Count The Genus
APL (Dyalog Extended), 73 bytes
1-1⊥∘(∊∨/¨⍮2(-⊃⍤∧∘⌽/⍮(3⊃∧∘⌽)⌿)⊢)(⊂4⍴2)⊤¨(9467+⎕AV⍳'ð{dòlxõ _0h8p∆')⍳⎕UCS
Try it online!
Over half of the bytes were used in converting the char matrix into an easier-to-use format. Basically, converts each box-drawing char into [right, up, down, left]
, counts non-blanks and joints, and computes 1 - non-blanks + joints
.
This works because of Euler characteristic V - E + F = 1
(not counting the surrounding area as a face), thanks to the assumption that the entire figure is connected. If we count any segment starting from the center to some boundary as an edge (and the respective endpoints as vertices), every non-blank char has V - E = 1
, but the V
in the entire shape is reduced by the number of joints.
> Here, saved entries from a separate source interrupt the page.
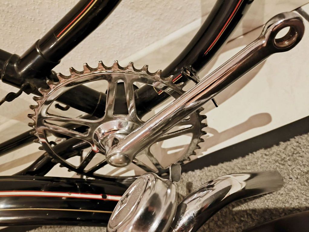 Aktualisierung 2025: Habe nach über 10 Jahren ein rostfreies Kettenblatt bekommen. Das Alte war nicht nur rostig, sondern hatte nur noch Haifischzähne. Mit einem geliehenen Abzieher ging der Wechsel des Tretlager leicht von statten. Nun musste allerdings auch der Lenker noch gewechselt werden, sonst wäre das Gesamtbild nicht stimmig!
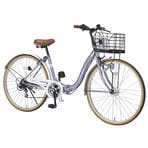 - 【ラベンダーパール】折畳シティサイクル26インチ・6段ギア・...
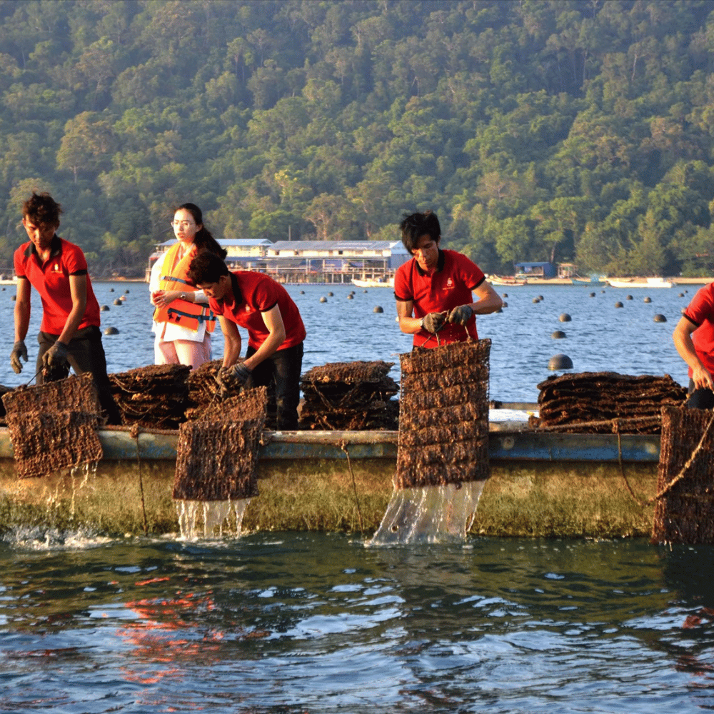 Đoàn dùng bữa trưa trên tàu với các món hải sản tươi ngon và hấp dẫn. Đoàn đi tàu về lại đất liền và khám phá các điểm:
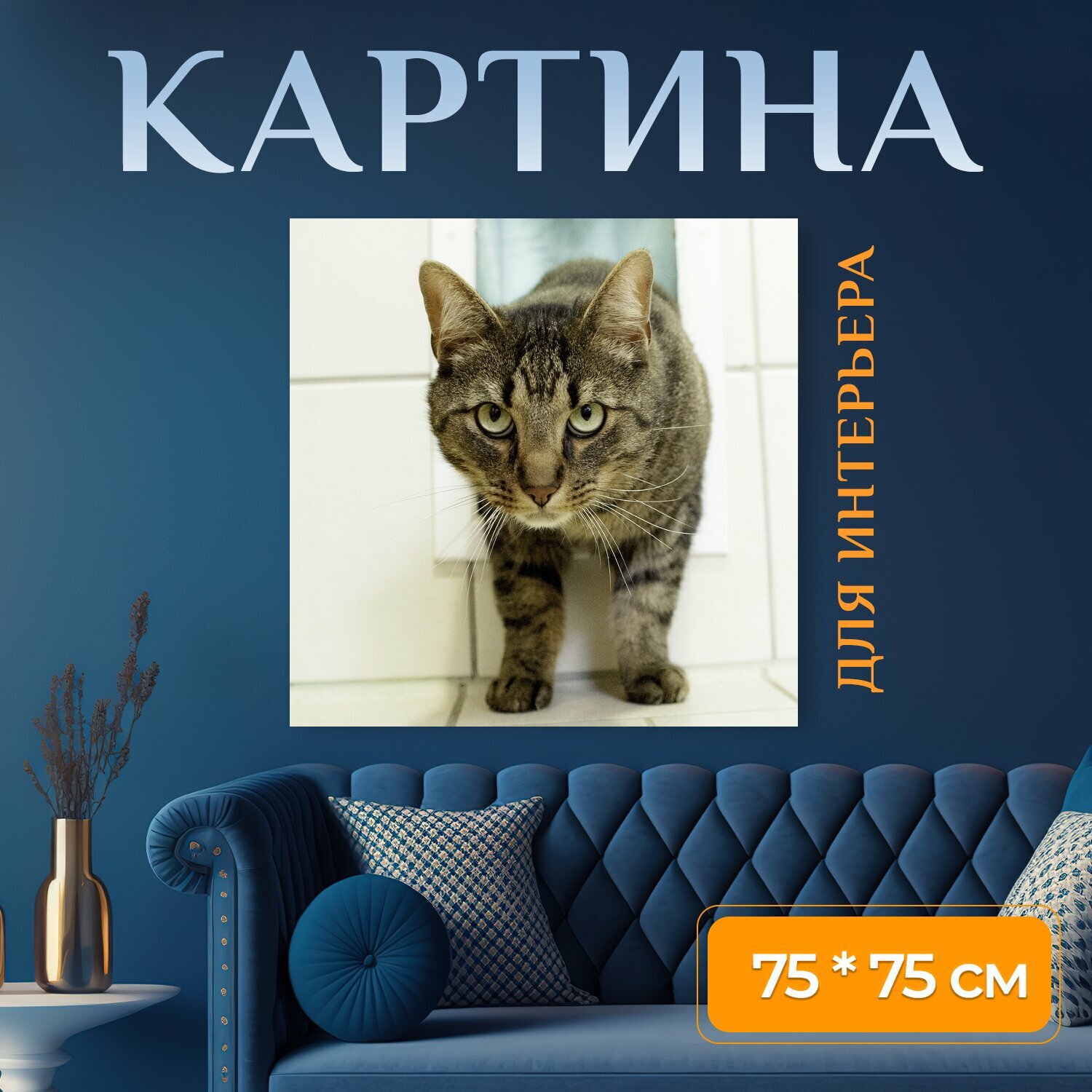 10 цен на Картина на холсте "Кот, животное, домашнее животное" на подрамнике 75х75 см. для интерьера
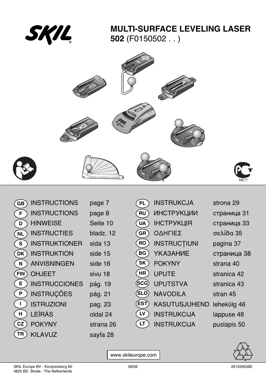 Téléchargez la notice de votre Niveau laser au format PDF gratuitement ! Retrouvez votre notice 0502 - SKIL et reprennez votre appareil électronique en main. Sur cette page sont publiés tous les documents nécessaires à l'utilisation de votre appareil 0502 de la marque SKIL.
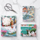 A whimsical winter scene features a lively village with colourful houses, snow-covered trees, and joyful children playing around a cheerful snowman. The sky is filled with decorative stars and snowflakes, adding to the festive atmosphere.
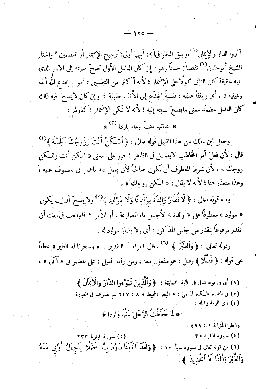 وَمِنْهُ قَوْلُهُ تَعَالَى: {لَا تضار والدة بولدها ولا مولود} وَلَا يَصِحُّ أَنْ يَكُونَ [مَوْلُودٌ] مَعْطُوفًا عَلَى [وَالِدَةٌ] لِأَجْلِ تَاءِ الْمُضَارَعَةِ أَوْ لِلْأَمْرِ فَالْوَاجِبُ فِي ذَلِكَ أَنْ تُقَدِّرَ مَرْفُوعًا بِمُقَدَّرٍ مِنْ جِنْسِ الْمَذْكُورِ أَيْ وَلَا يُضَارُّ مَوْلُودٌ لَهُ.
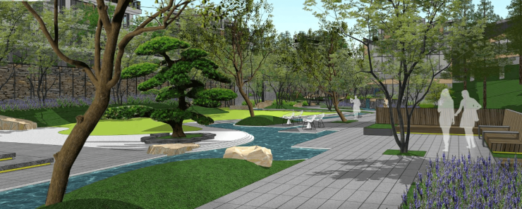 4、多重风格景观组团,营造诗意居住体验“一门一脉两苑五坊”景观布局,在保留原生景观植被的基础上,引用传统古诗词中的“水、石、林、云”意向元素,将现代生活方式与诗意精神境界完美交融,打造超脱俗世繁华之外的人生理想居所。

Plugging into the rearranged equation F = 1 - V + E
gives the above formula 1 - non-blanks + joints
.
Retina, 131 bytes
T`─┐┬╴┼┤┴┘│╵└├┌╶╷`L
(?=(.)*[BCEFILMO].*¶(?>(?<-1>.)*)[E-L])
-
(?=[ACEGK-N]-?[A-H])|^
-
+`-\s*\w
C`-
Try it online!
TIO counts the box drawing characters as only one byte even though they are not ASCII (the Retina code page).
How?
This uses a rearranged Euler characterstic F=1+E-V
to find the number of faces under the assumption that there is only one connected component.
The number of vertices, V
, is the same as the number of box characters.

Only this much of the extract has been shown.